見出し画像

【#008】一斉休校に伴う保育園登園自粛要請について思うこと

 こんにちは、としです。先日、Yahoo!ニュースで以下の記事が目に飛び込んできました。

 政府が全国一斉休校を要請したとき、私は真っ先に「病院現場が回らなくなるのでは」と思いましたが、当然、保育の現場にも影響が出ています。

 全国一斉休校が発表されたとき、厚生労働省は「保育園は引き続き開園する」と方針を出しました。しかし、保育士の中には、一斉休校の対象になる子供を抱えている家庭が多く、保育士確保することが困難になったので、自治体がやむなく登園自粛を要請している格好です。

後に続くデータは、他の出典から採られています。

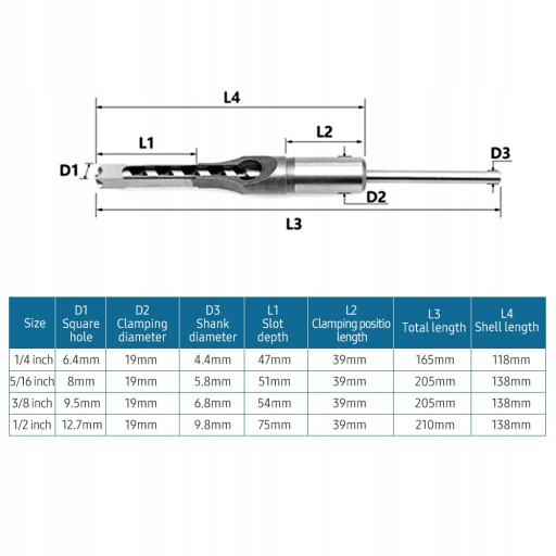 Wysokiej jakości materiał: wykonany ze stali węglowej o wysokiej twardości, wiertło z kwadratowym otworem jest solidne, trwałe.
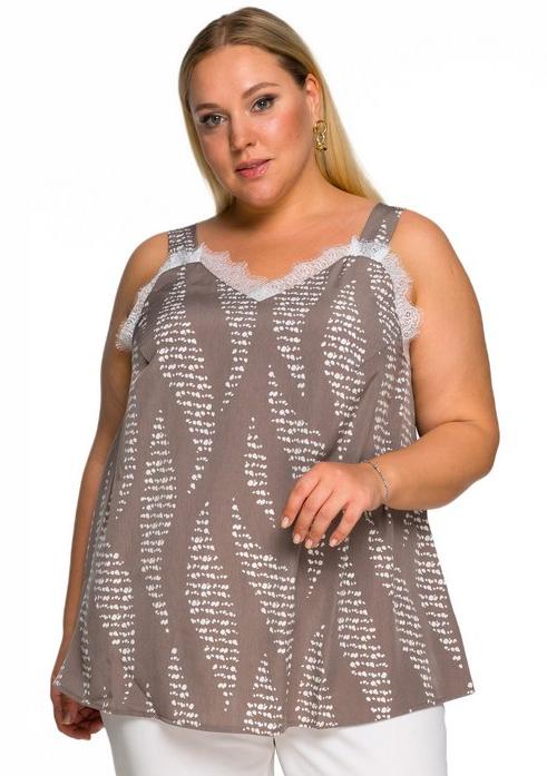 Топ с кружевом, кофейный с белой абстракцией
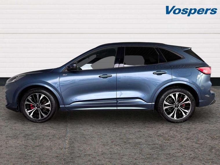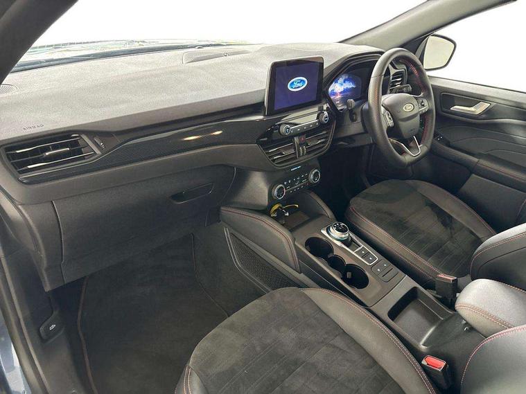 12.3" digital colour instrument cluster, Ford easy fuel, Ford SYNC 3 with 8" TFT LCD touchscreen, App Link, andriod auto/apple carPlay, emergency assistance and navigation with Ford pass connect, Front and rear parking sensors, Hands free power tailgate, Lane keeping aid with lane departure warning, Power assist steering, Rear view camera, Selectable drive modes, Service interval indicator, Sports suspension, Twist beam rear suspension, B&O premium audio system with 10 speakers and subwoofer, 2 USB ports, DAB radio/CD, Auto headlamps with high and low beam, Black roof rails, Day/night rear view mirror, Front LED fog lamps, Large rear spoiler, LED daytime running lights, LED rear lights, Power folding heated door mirrors with puddle lights, Power front/rear windows with global close, Power opening panoramic roof, Privacy glass, Quickclear heated windscreen, Rear side wing doors, Rear wiper, ST Line body styling kit with unique front and rear fascia and bumper, rear painted diffuser, front painted skid plates, dark mesh upper grille, ST Line front scuff plates, Third brake light, Twin exhausts, 10 way power adjustable drivers seat, 2nd row sliding seats with 60:40 split, 8 way manual passenger seat including lumbar support and height adjust, Alloy pedals, Centre console with electronic parking brake, Dark headlining and pillars, Electronic automatic temperature control (EATC), Flat bottomed leather steering wheel in sensico with red stitching, Front and rear head restraints, Heated passenger and driver seats, Heated rear seats, Heated steering wheel, Partial premium touch sensico leather upholstery with black cloth inserts and red stitching, Rear charging point, Single front passenger seat, Sports seats, ST Line front and rear floor mats, 3x3 point rear seatbelts, Airbags - front driver/passenger, front and rear curtain, Drivers knee airbag, Electronic stability control (ESC) and ABS, Ford MyKey Gen 2 safety system, Manual child proof rear door locks, Post collision braking, Pre collision assist with autonomous emergency braking, Rear seat Occupancy alert, Red brake calipers, Tyre pressure monitoring system, Engine immobiliser, Keyless entry and Ford power start button (Keyless start), Locking wheel nuts, Remote powered central double locking doors, Thatcham category 1 alarm,
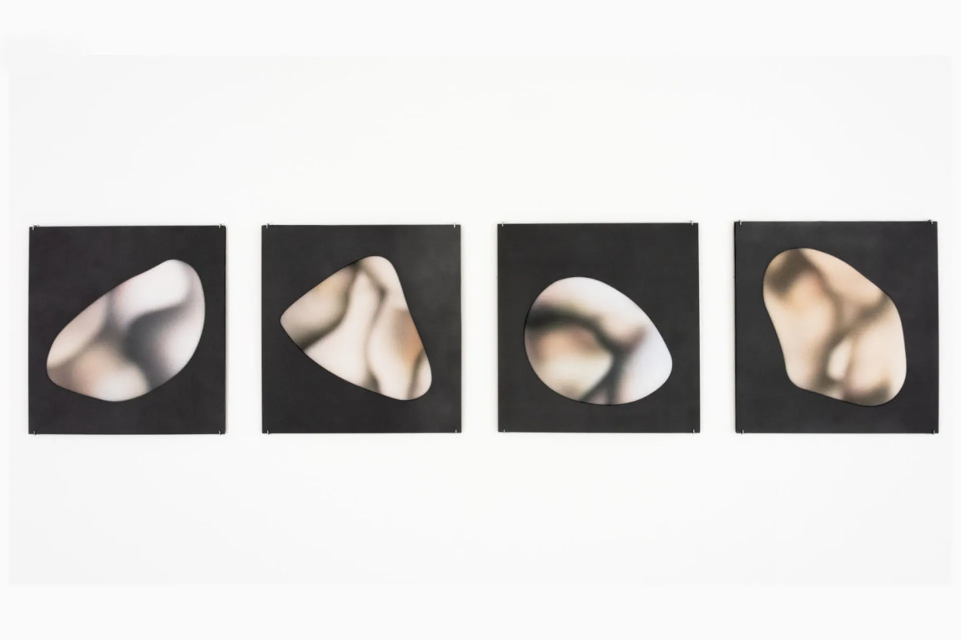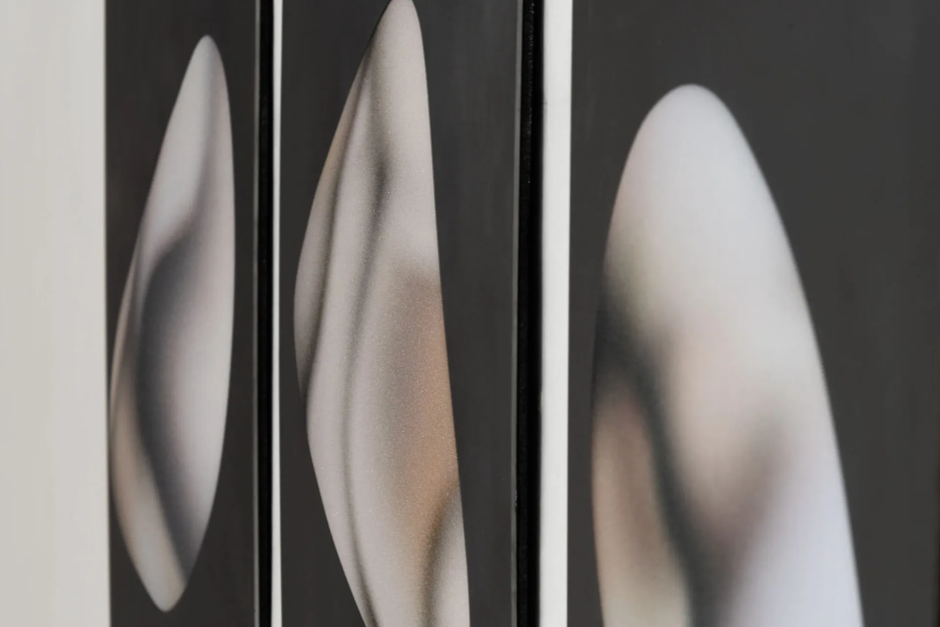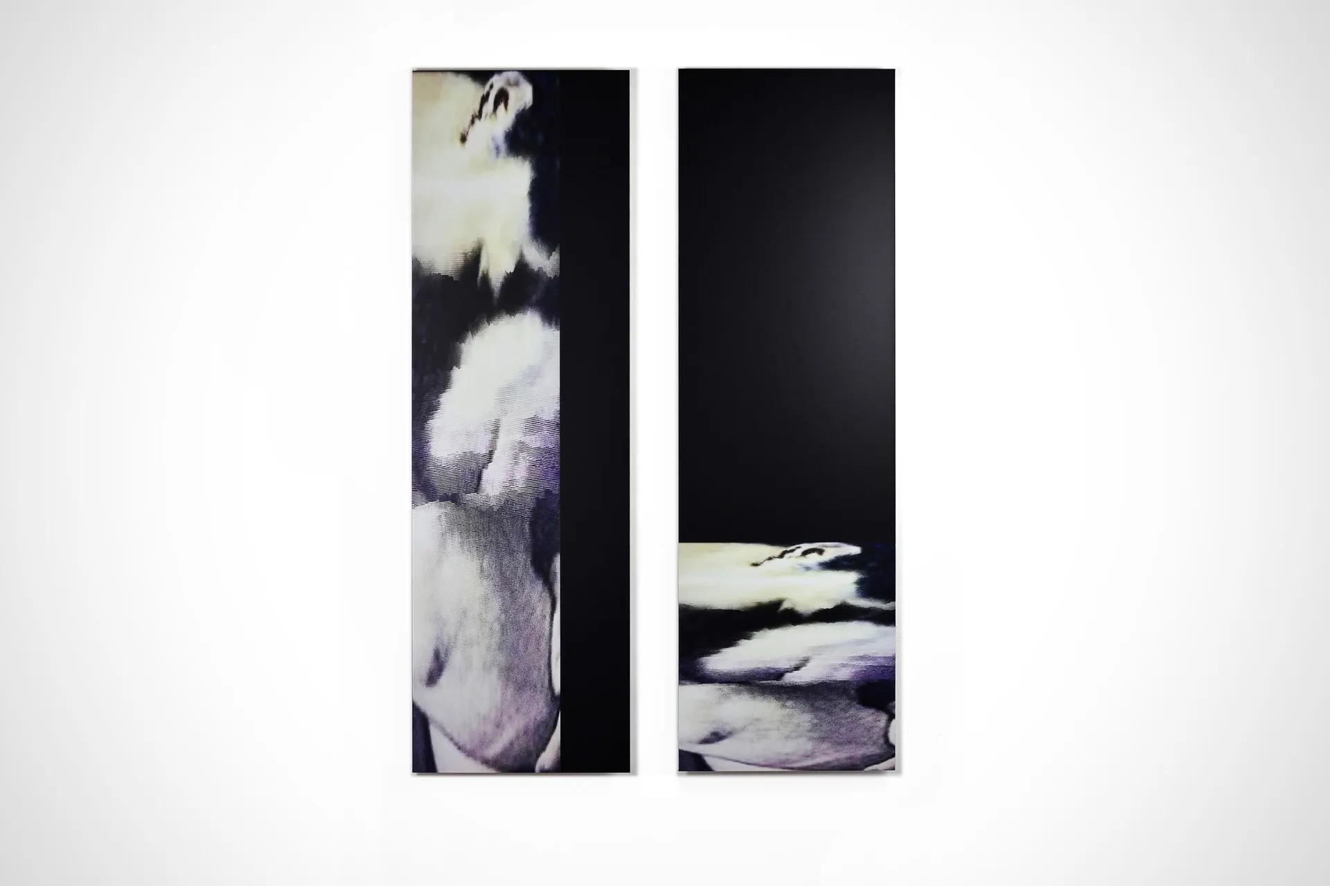 Display is an important consideration, and her recent works have evolved into semi-sculptural pieces, combining materials suggested through the images subject, history and situation. Bodily imagery printed on memory foam is pressed through steel; soft sensual imagery appears as if bolted to the wall. These are perhaps more unsettling than earlier works which tended towards gentle ambiguity and are more visually demanding in their juxtaposition of image and material.

 この件については、全国的な困難が出ているのは国の責任であり、自治体も保育施設も被害者であると思います。ただ、ニュースの記事を読んで気になったことは、登園自粛を行う対象を限定して、自治体が要請を行っている点です。

 ニュース記事によれば、ある自治体では、
  ①育児休業中
  ②仕事を休んでいる
  ③就労以外の認定理由で保育施設を利用

 の利用者に対して登園自粛を要請したそうです。

 また、自治体から一斉に文書が出ていない状況でも、保育施設によっては、産休・育休中の家庭に、個別に登園自粛を行うなど、様々な動きがあるようです。

 保育園に子供を預けている家庭は、理由は違えど、自治体から「保育の必要性がある」と判断された家庭です。その上で、一部の利用者に対して登園自粛を自治体が要請するということは、「登園自粛を要請した利用者は、他の利用者に比べて保育の必要性が低い」という自治体の姿勢の現れだと思います。

 どのような理由が「保育が必要な事由」であるかは、内閣府が子供・子育て支援新制度のwebサイトで解説しています。内閣府によると、以下の事由が保育を必要とする事由です。

・就労(フルタイムのほか、【パートタイム、夜間、居宅内の労働など】)
・妊娠、出産
・保護者の疾病、障害
・同居又は長期入院等している親族の介護・看護
・災害復旧
・求職活動(起業準備を含む)
・就学(職業訓練校等における職業訓練を含む)
・虐待やDVのおそれがあること
・育児休業取得中に、既に保育を利用している子どもがいて継続利用が必要
・その他、上記に類する状態として市町村が認める場合

 しかし、実際は、保育施設には限りがあるため、市町村が児童福祉の観点から保育の必要性について認定を行う仕組みになっています。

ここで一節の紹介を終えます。